The Highlight Reel Became Miz TV Before Becoming Ambrose Asylum
Taking up the first 20 minutes of Raw, this segment was a total train wreck in the best way possible and I loved every second of it. I might be alone in saying that because I personally enjoy the chemistry Chris Jericho, The Miz and Dean Ambrose have together, but it was the little things such as Ambrose apologizing to Jericho for destroying his light-up jacket last year before presenting him with a new one that made this so fun. That said, I wish Jericho was a bit more serious heading into his upcoming United States Championship match with Kevin Owens, but that's merely nitpicking.
Raw Tag Team Champion Matt Hardy def. Sheamus
I find it hilarious Matt keeps switching between his "broken" and his Version 1 personas, though I'm sure he will go all in with the "broken" stuff eventually, probably after he and Jeff drop the straps. This was a good, well-wrestled match from Matt and Sheamus with an interesting finishing sequence. I don't know if Cesaro and Sheamus are headed for a heel turn, but even if not, I'm glad tension has been established between the two teams. The tag team title match at Payback is much more intriguing now that there is a possibility Sheamus (and/or Cesaro) might cheat to win on Sunday.
Impact Wrestling World Tag Team Champions LAX def. Jake Holmes and Joe Coleman (Non-title)
I've been a big fan of LAX and how they've been used since they returned last month, but Konnan doesn't add much to the act for me. I understand he's supposed to be their mouthpiece, but the "serious like a late period" line was pretty tasteless in my opinion. The match itself, though, was a decent showcase for the tag champs. I like the idea of an LAX and Decay feud because it gives Decay something meaningful to do for the first time in months. I assume whoever the crowd cheers for will be the babyfaces in this program.

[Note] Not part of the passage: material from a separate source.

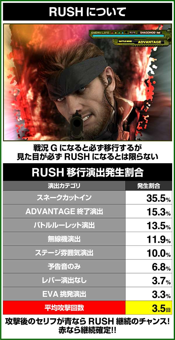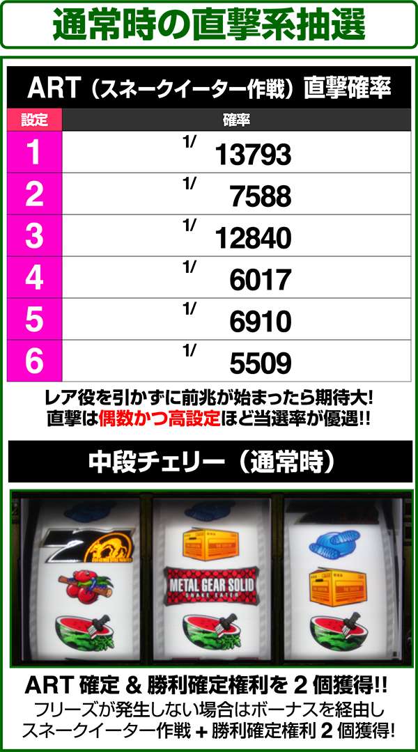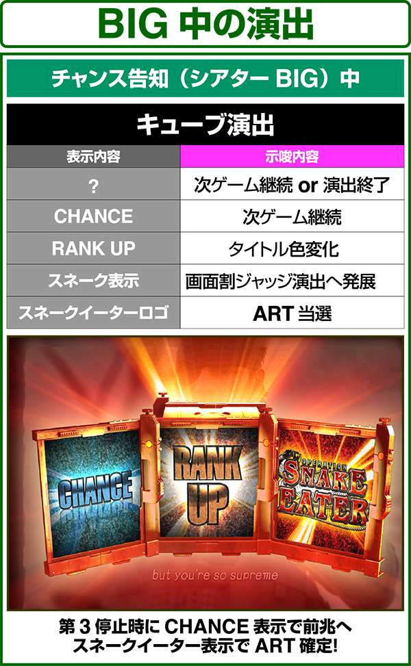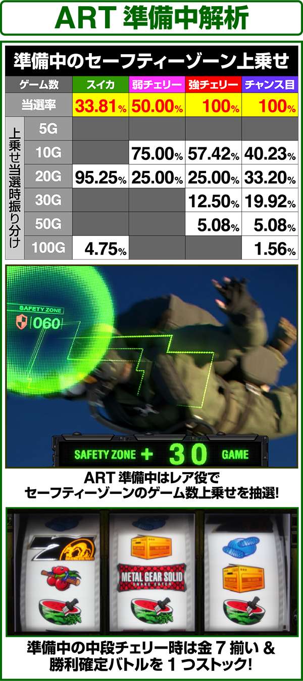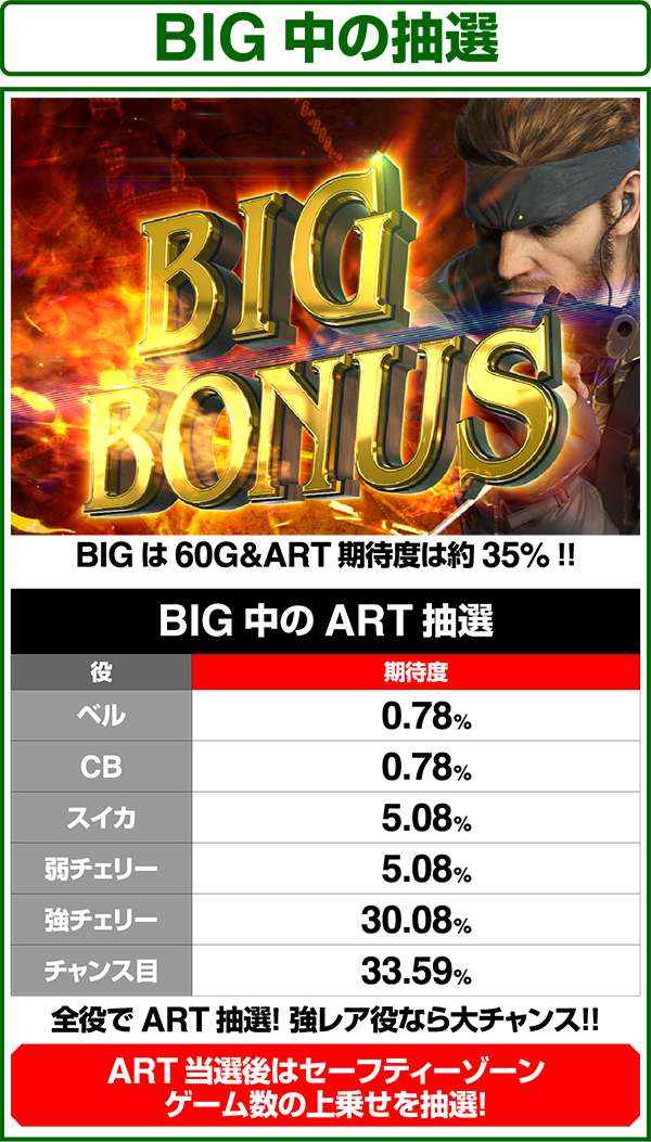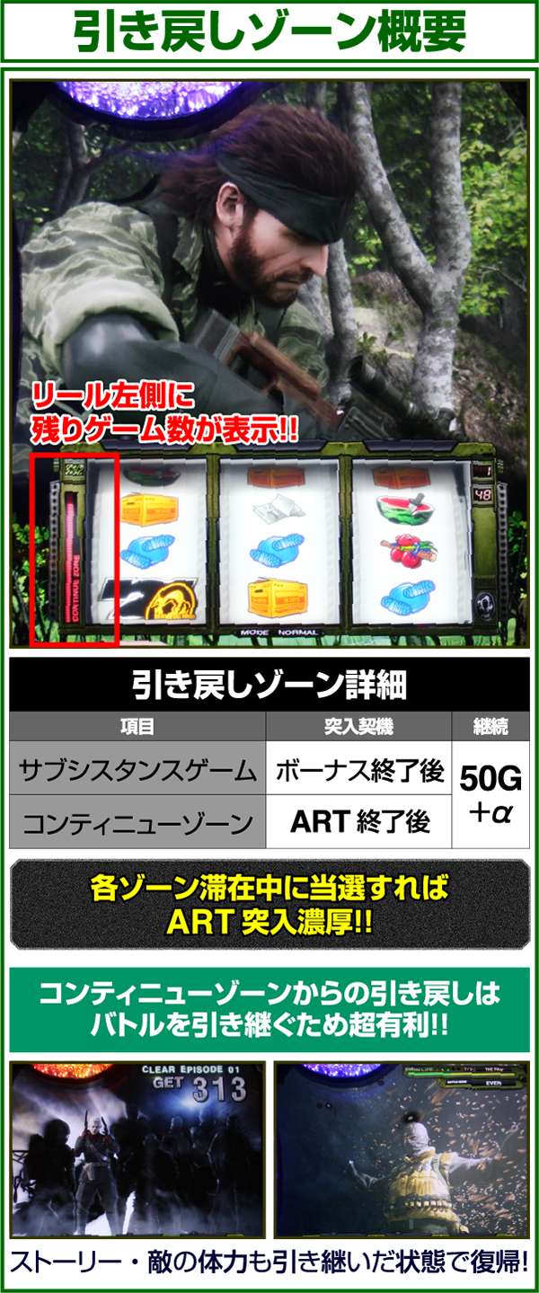 各引き戻しゾーンで当選した場合は必ずART「スネークイーター作戦」に突入(ボーナスにはならない)。

Brice Prichard Made the X-Division Championship Match a Six-Way
Karen Jarrett's announcement of Impact Wrestling and Global Force Wrestling merging doesn't surprise me at all because GFW has been a dead brand for years. In fact, they taped a bunch of shows two years ago that never made the air. Sonjay Dutt returning was rather random (nor did he receive that loud of a reaction), but it's great to see him back because he was always awesome in the X Division. He, Andrew Everett and Gregory Shane Helms all had good mic work here and Prichard set up the main event nicely. Considering that's a pretty big match, why not advertise it in advance?
Although I was slightly skeptical of the first episode of TNA's, er, Impact Wrestling's "new era" last month, the on-air product has actually taken a turn for the better since then with more of a focus on the in-ring action and a slew of stars either debuting or returning, giving the show a fresh feel as a result. But perhaps what I've loved more than anything that has been going on in Impact Wrestling recently has been the resurrection of James Storm's career.
Admittedly, I was pretty bummed when Storm opted to re-sign with Impact Wrestling at the onset of 2016 and instead of staying with NXT, but I understand he made that decision for monetary reasons and I can't fault him for that. Besides, we got a great, long awaited and highly anticipated Beer Money reunion out of it with Bobby Roode, and they captured their fifth set of tag titles together in March. Unfortunately, Roode left the company shortly thereafter (ironically for NXT) and Storm was on his own yet again.